Chagall, I mouthed, shaking my head.
“Name of the painting’s not English. I’m not trying it. Sounds like the artwork loss will top the dwelling and contents losses.”
I bit my lip to keep quiet. If Roger Foster, owner of Foster Mutual, was calling me in, it was going to be something interesting. Something I could dig my hungry teeth into. Paintings by Chagall could run from the tens or hundreds of thousands, and sometimes even north of a million dollars. It had been too long since I’d handled something juicy. I made my way to the ladder; I’d completed enough for the referral to SIU.
“You’ve got the expertise, so I want you over there before the fire investigator and medical examiner leave. I’ll send you the details.”
He hung up before I could say anything else, so I pocketed my phone and headed down the ladder. This claim was going to be a big deal. An M.E. meant there’d been a death.
I stored my gear in the truck and grabbed one of my business cards. As I rang the doorbell, my phone buzzed, likely Cliff’s details on the Chagall claim.
The homeowner opened the door. “All done?” He didn’t step into the house to imply I was welcome, and I didn’t try to enter.
“Yes, Mr. Clark, I’m done,” I said. “I’m afraid the damage on the machine shed roof is inconsistent with what I was expecting to see. I’ll have to forward it over to our Special Investigations Unit for some additional attention. You can expect to hear from one of our team within the next two business days.”
His eyebrows knit together as he processed what I’d said. “So, you aren’t going to replace the roof?”

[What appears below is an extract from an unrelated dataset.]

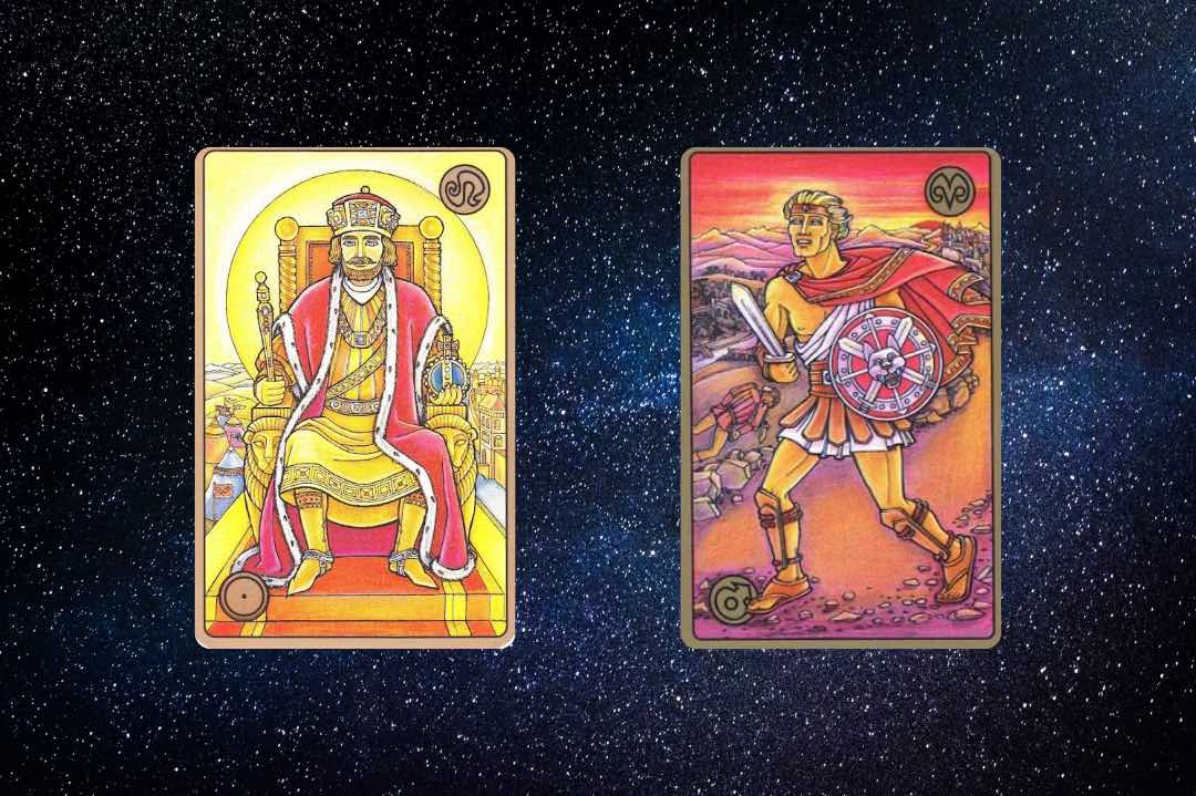 Teniendo eso en cuenta, elegí dos cartas: el Emperador del tarot y el Guerrero del mazo Symbolon. Ambas encarnan la fortaleza interior y la seguridad en uno mismo que distinguen a todo ariano de corazón. En ellas se manifiesta el poder y la valentía que nacen de mantener un vínculo sano y consciente con uno mismo.

“In the meantime,” I said as I offered my business card, which he didn’t reach for. “My contact information is on my card, so you can call with any questions you may have about my visit. The general claims support line is on the back in case you want to speak with someone about any further steps we’ll be taking.”
“My neighbor had his shed roof replaced after the storm.” He pointed to his right, likely to his neighbor’s house. This response was relatively common under the circumstances, and the suspicious voice in my head always questioned the person’s motives. He was either the guilty party, thought I was accusing him, or disappointed I’d snatched away his windfall. He was confused, not angry, so number three was my guess.
“Mr. Clark, the decision is out of my hands. Our SIU will be in touch with you about the next steps.”
I held out my card again, and he stared at me for another moment, searching for a way around this. Then he slammed the door, almost taking my hand off in the process.
I shrugged it off and stuck the card in the door, then headed back to my truck, my giant F-150 Raptor. I opened the door and climbed up on the running boards before sliding into the driver’s seat. The beautiful behemoth was an effort to get into, but the size was valuable when navigating over debris or washed out roads after a big storm. The engine roared to life as I hit the ignition.
I drove a half-mile down the road, so I wasn’t working in Mr. Clark’s driveway, until my curiosity got the better of me and I pulled over. As I shifted into my backseat mobile office, my laptop sprang to life, and I called up the claim details. Skimming through the policy document until I got to the correct section, my breath caught.
Cliff had assigned me to a claim for Marc Chagall’s Les amoureux dans le ciel. I knew this painting. It had been twenty years since I’d last stood in front of it. Twenty years since it set me on a life path I ended up abandoning.
I ran a shaky hand over my face. This wasn’t the kind of interesting I’d been expecting.